Forty-five Texas school superintendents have been quietly investigated and disciplined since 2012, an investigation by the Texas Monitor and Real Clear Investigations has uncovered.
Superintendents are the unelected administrators of independent school districts, appointed by elected school board members.
These superintendents were sanctioned for offenses ranging from embezzlement to sexual misconduct, often under secretive circumstances meant to avoid electoral fallout for school board members.
School administrators, a group that includes superintendents, are represented by the Texas Association of School Administrators. TASA has lobbied for less accountability from the Texas Education Administration for many legislative sessions. Their most recent effort was to weaken SB 7, a bill that passed in the most recent legislative session, and created stronger penalties for sexual misconduct by school officials.

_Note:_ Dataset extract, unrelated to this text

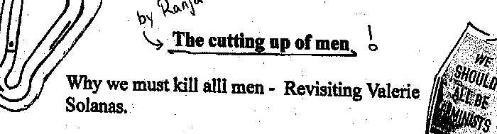"Cutting up men" manifests a whole umbrella of meanings. From the literat killing of men, their deconstruction, their transformation or, as any trans woman can relate, all of the above.
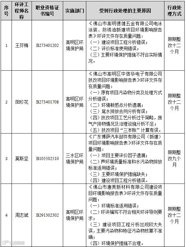 2018年第二季度受到佛山市各级环保部门行政处理的环评工程师名单

Stronger transparency measures, TASA lobbyists say, could lead to an “open season on educators.”
School boards are institutionally discouraged from addressing superintendent misconduct aggressively, due to a pervasive notion in the broader school system that it can damage school boards’ abilities to recruit top-quality superintendents.

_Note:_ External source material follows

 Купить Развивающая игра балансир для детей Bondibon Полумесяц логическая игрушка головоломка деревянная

Top-level administrators are also tied into complex long-term contracts with school boards that make firing them difficult. This is unlike most private employees in Texas who are retained at-will, and can be fired at any time for unsatisfactory performance or misconduct.
Parents should demand more accountability and transparency from the school board members they elect. Superintendents exist to serve students and teachers; as soon as they fail to carry out that role, they should be removed from office swiftly.